(Items from a data source)
##############################

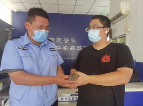 經(jīng)仔細檢查,值班民警董立超發(fā)現(xiàn)這只貓頭鷹還是幼鳥,從它右腳受傷的腳趾判斷,小家伙應(yīng)該是被樹杈夾傷后掉落窗臺,隨后與“家人”失散的。為了照顧它,大家忙找來食物和干凈的飲用水,并與縣林業(yè)部門工作人員取得聯(lián)系,請教正確的救助方法??紤]到小家伙受傷較輕,應(yīng)該讓它盡快回到大自然的懷抱,民警駕駛警車將其放生。
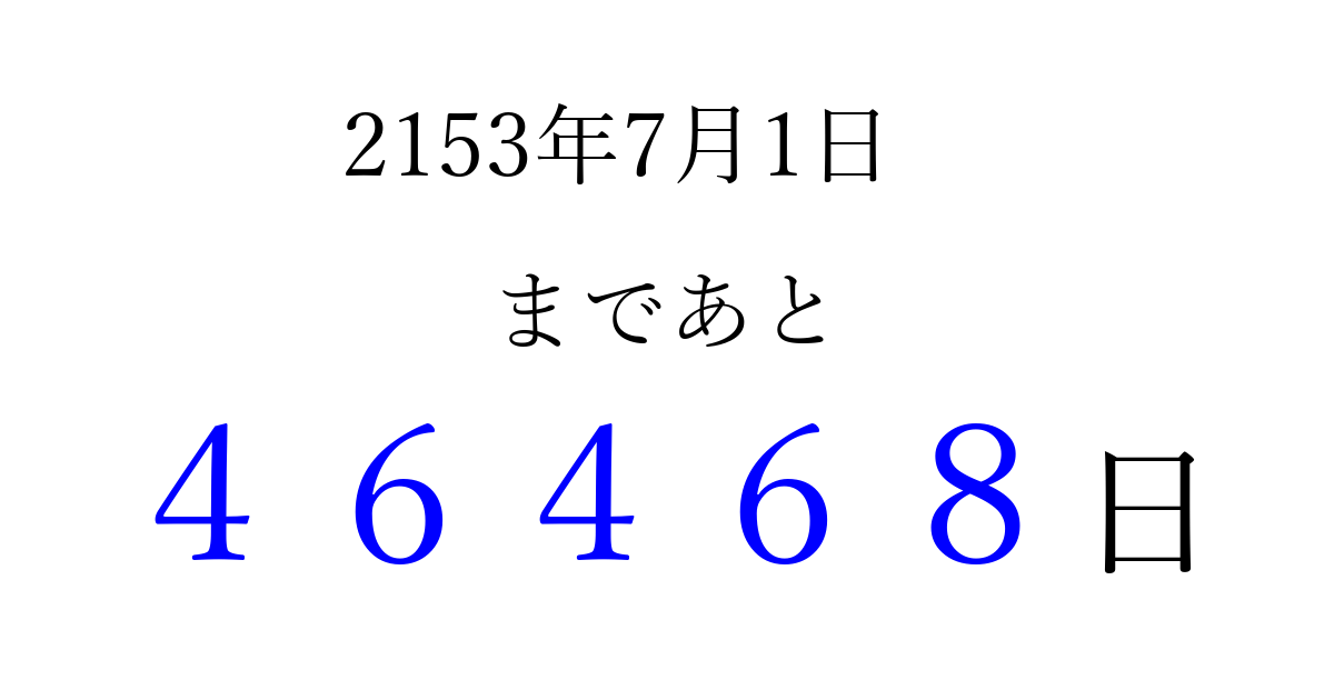 2153年7月1日(日)まで あと 99999 日です 追加すると、トップページからすぐ選べるようになります ※2026/04/10現在の結果です。 最新の状態に更新する ↓シェアして、タイムライン上にカウントダウンを表示しよう!↓ 📤 この結果を共有する Tweet シェア Threads Bluesky 別の日付でカウントダウン 2153年7月のカレンダー このページをブックマークに追加すると、いつでもカウントダウンを確認できます。 (PC: Ctrl+D / Mac: ⌘+D) hitome-notes.comでは以下のページも運営しています。 指定日と期間から日付を計算 | ガチャ確率計算・シミュレーション | プライバシー・ポリシー 運営者:Avocado
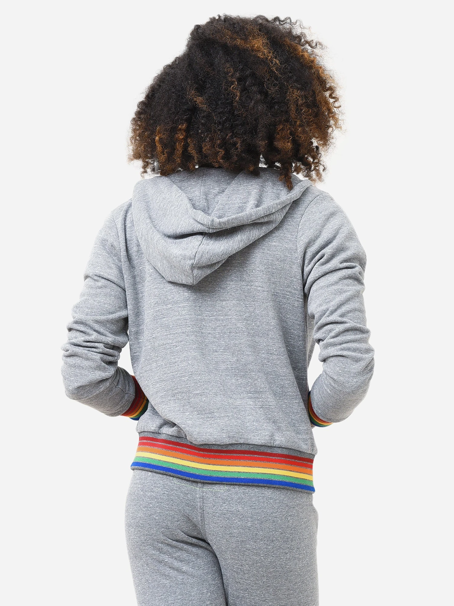 Soft zip hoodie with rainbow cuffs and hem.
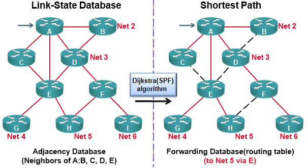 - Link-State Routing Protocol이 설정된 각 Router들은 LSDB(Link-State Database)를 갖고 있다.
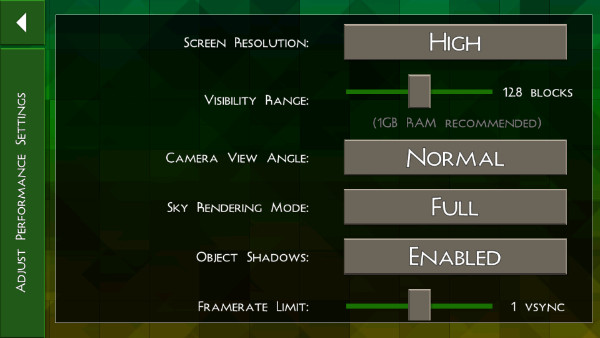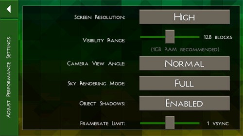 在 "settings"(设置)菜单的 "performance"(性能)选项中,玩家可根据设备配置自定义画质参数。
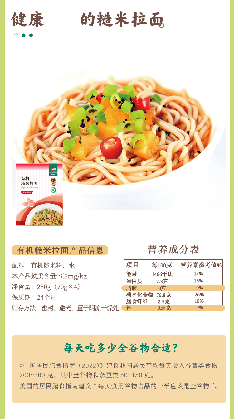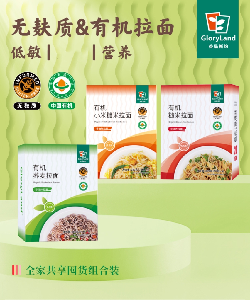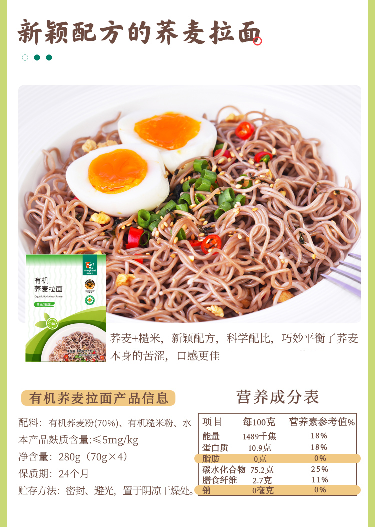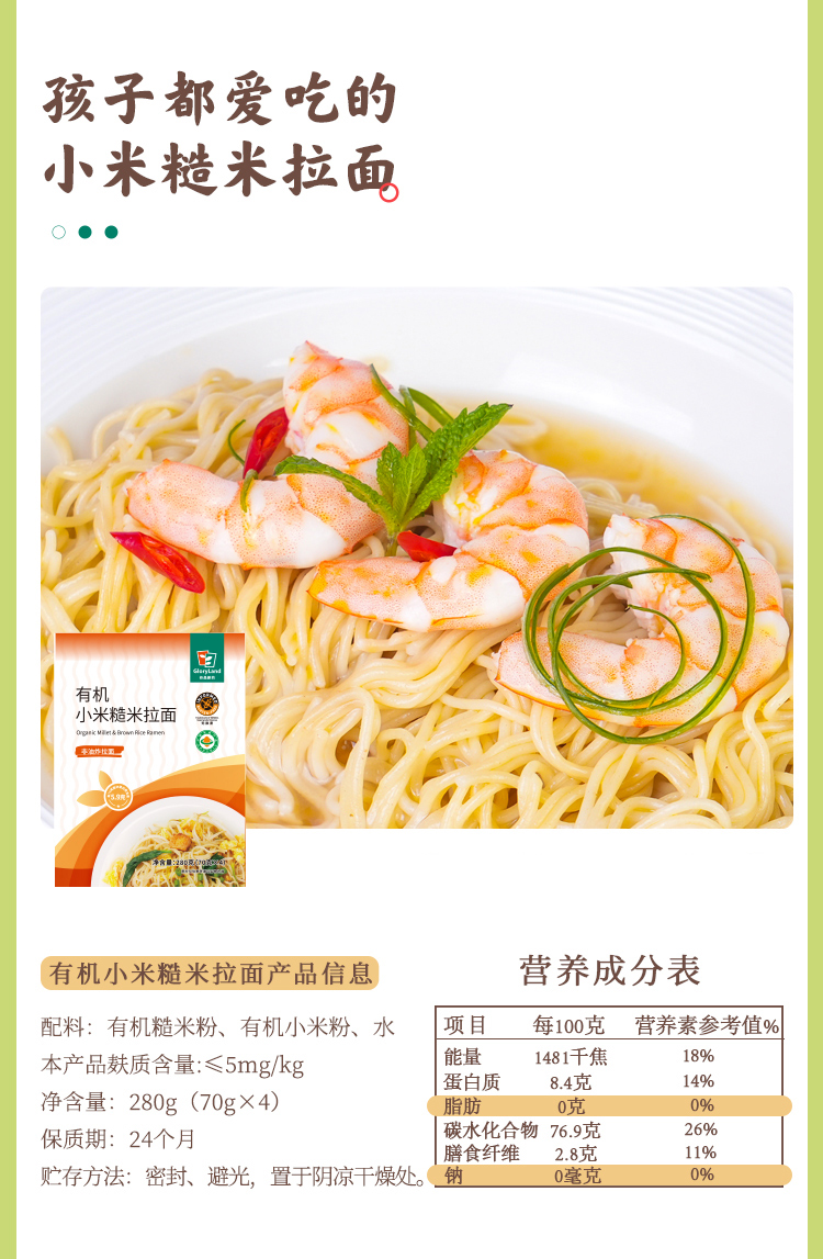 谷品新约 有机无麸质拉面条无小麦无蛋奶饮食品早餐晚餐0盐0脂小米糙米荞麦

##############################

Try it: Every record is to be reproduced exactly, with no pictures included.

Answer section:
 經(jīng)仔細檢查,值班民警董立超發(fā)現(xiàn)這只貓頭鷹還是幼鳥,從它右腳受傷的腳趾判斷,小家伙應(yīng)該是被樹杈夾傷后掉落窗臺,隨后與“家人”失散的。為了照顧它,大家忙找來食物和干凈的飲用水,并與縣林業(yè)部門工作人員取得聯(lián)系,請教正確的救助方法??紤]到小家伙受傷較輕,應(yīng)該讓它盡快回到大自然的懷抱,民警駕駛警車將其放生。
 2153年7月1日(日)まで あと 99999 日です 追加すると、トップページからすぐ選べるようになります ※2026/04/10現在の結果です。 最新の状態に更新する ↓シェアして、タイムライン上にカウントダウンを表示しよう!↓ 📤 この結果を共有する Tweet シェア Threads Bluesky 別の日付でカウントダウン 2153年7月のカレンダー このページをブックマークに追加すると、いつでもカウントダウンを確認できます。 (PC: Ctrl+D / Mac: ⌘+D) hitome-notes.comでは以下のページも運営しています。 指定日と期間から日付を計算 | ガチャ確率計算・シミュレーション | プライバシー・ポリシー 運営者:Avocado
 Soft zip hoodie with rainbow cuffs and hem.
 - Link-State Routing Protocol이 설정된 각 Router들은 LSDB(Link-State Database)를 갖고 있다.
 在 "settings"(设置)菜单的 "performance"(性能)选项中,玩家可根据设备配置自定义画质参数。
 谷品新约 有机无麸质拉面条无小麦无蛋奶饮食品早餐晚餐0盐0脂小米糙米荞麦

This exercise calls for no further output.